* **Required work**
Copy the lines below, please, starting with the one that contains "Riempire le sarde" and ending with the last. Pictures stay out.

* **Given information**
====
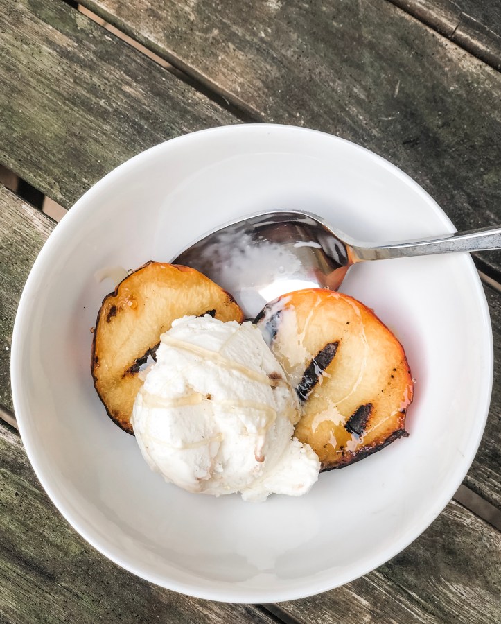 Once of my favorite summer desserts is a simple grilled peach. Sun-kissed summer peaches are so sweet, they really don’t need anything but the heat of the grill to bring out the sweetest juices. I only top mine with ice cream because, well, who doesn’t love ice cream in the summer too?!
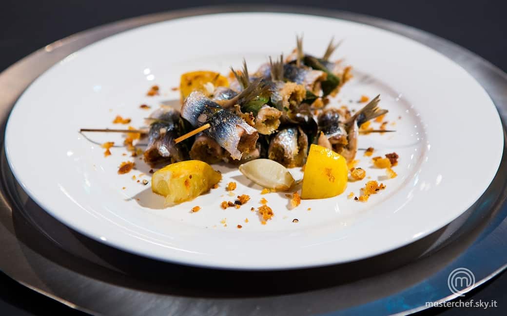 Riempire le sarde con il ripieno, arrotolarle e cuocerle per circa 10 minuti in forno a 220°C.
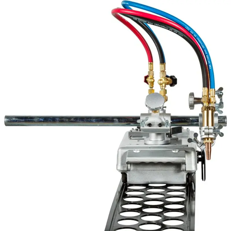 Машина термической резки ПТК CG-30 значительно повышает производительность работ по раскрою листового металла и формованного проката. Благодаря направляющим рельсам инструмент выполняет аккуратные прямые резы толщиной до 100 мм. С помощью циркульного устройства можно резать материал по кругу диаметром от 200 до 2000 мм. В качестве рабочего газа используется пропан/ацетилен. Газорезательная машина ПТК работает от однофазной сети напряжением 220 В. За счет электрического привода скорость реза составляет 50–750 мм/мин.
====
* **Task answer**
 Riempire le sarde con il ripieno, arrotolarle e cuocerle per circa 10 minuti in forno a 220°C.
 Машина термической резки ПТК CG-30 значительно повышает производительность работ по раскрою листового металла и формованного проката. Благодаря направляющим рельсам инструмент выполняет аккуратные прямые резы толщиной до 100 мм. С помощью циркульного устройства можно резать материал по кругу диаметром от 200 до 2000 мм. В качестве рабочего газа используется пропан/ацетилен. Газорезательная машина ПТК работает от однофазной сети напряжением 220 В. За счет электрического привода скорость реза составляет 50–750 мм/мин.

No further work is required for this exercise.